** Opening Input records block **

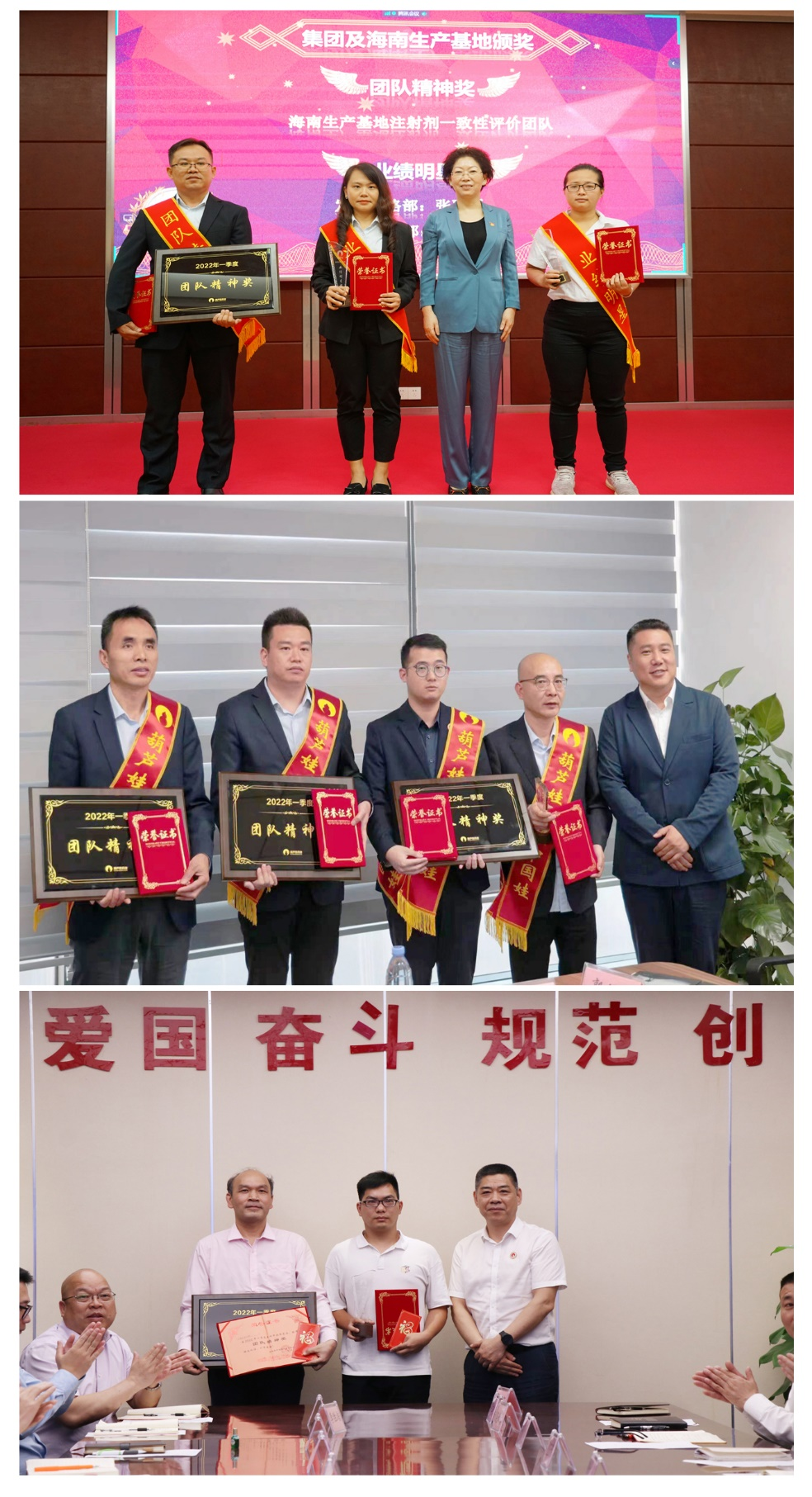 为了表彰在2022年一季度“深化变革,赢得开门红”工作中“超额完成计划、超出本职工作或超越组织预期”的先进集体和优秀个人,会议期间还举行了龙8药业集团2022年一季度“开门红”表彰颁奖仪式。营销中心葫芦世家事业部湖南区域主管黄子杰等12人荣获业绩明星奖,葫芦世家事业部等5个集体荣获团队精神奖。
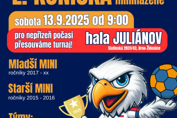 VII. MEMORIÁL L. KONÍČKA – aneb turnaj miniházené 2025 V sobotu 13. 9. 2025 jsme si připomněli památku Libora Koníčka tradičním turnajem miniházené. Počasí nám sice nepřálo, ale díky hale v Juliánově jsme si i tak užili krásný sportovní den plný napětí, radosti a dětských úsměvů. V kategorii přípravky Číst více…
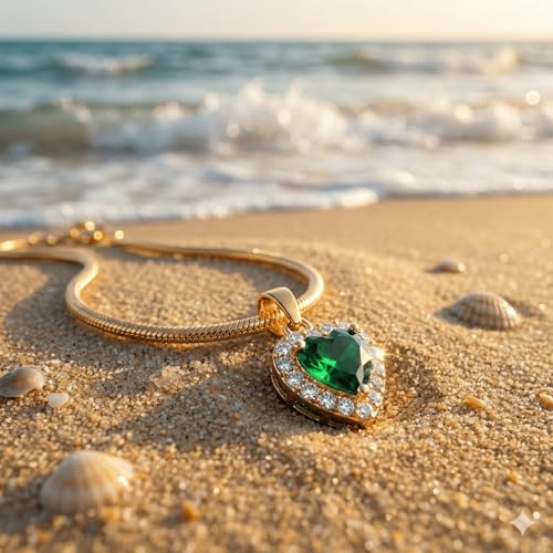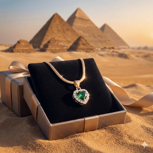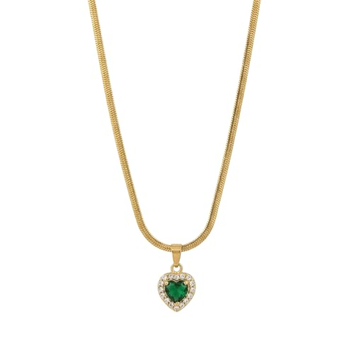 Generic - سلسلة "قلب الزمرد" الأخضر محاطة بالكريستال اللامع | مطلية بالذهب مع سلسلة أفعى مسطحة | مجوهرات فاخرة وهدية رومانسية كلاسيكية للنساء | من الاستانلس ستيل المقاوم للصدأ والبهتان
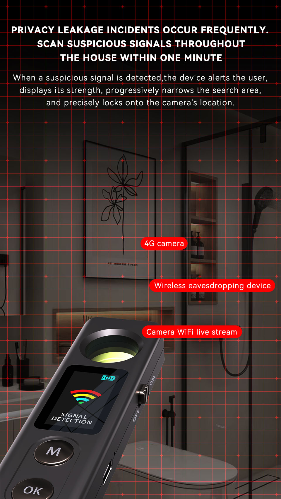 Signal Detection: 4G cameras, wireless eavesdropping devices, cameras with WiFi live streaming
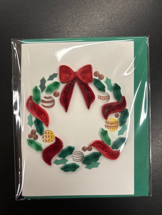 Quilling Gift Card, Holiday awreath w/Ornaments
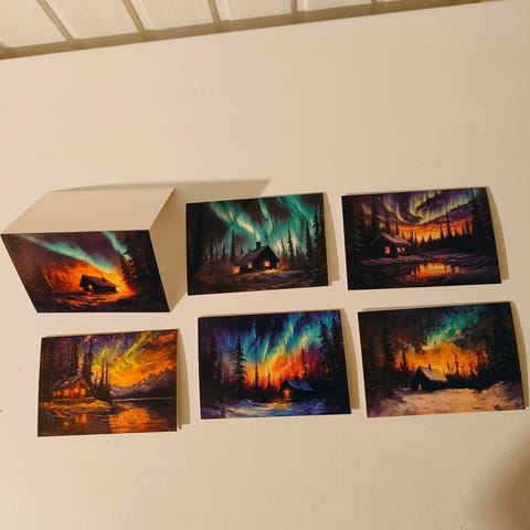 Lekolarista tilatut kortit, 4 pakettia. Aiheet;
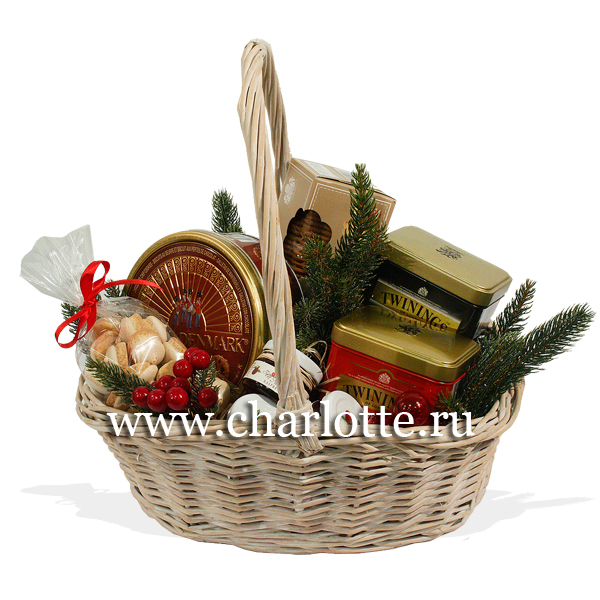 Новогодняя корзинка с чаем и печеньем. По Вашему желанию состав корзины можно изменить, для этого звоните в наши салоны цветов или указывайте в разделе "комментарии для флориста" при заказе через интернет.
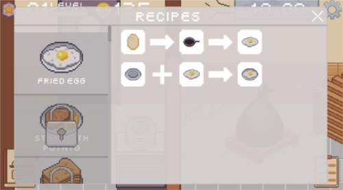 游戏内设有食谱系统,玩家可依据系统提供的配方制作各类菜肴,丰富餐品选择,同时还能对经营的餐厅进行等级提升。
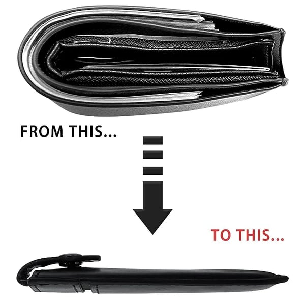 Wymiary 4" x 2,7" x 0,47" sprawiają, że z łatwością mieści się w przedniej i tylnej kieszeni.

** Closing Input records block **

**Instructions to follow**
Transcribe, without alteration, each line from the one with "Новогодняя корзинка с" through the last line of the data; no pictures belong in the copy.

**Output of the task**
 Новогодняя корзинка с чаем и печеньем. По Вашему желанию состав корзины можно изменить, для этого звоните в наши салоны цветов или указывайте в разделе "комментарии для флориста" при заказе через интернет.
 游戏内设有食谱系统,玩家可依据系统提供的配方制作各类菜肴,丰富餐品选择,同时还能对经营的餐厅进行等级提升。
 Wymiary 4" x 2,7" x 0,47" sprawiają, że z łatwością mieści się w przedniej i tylnej kieszeni.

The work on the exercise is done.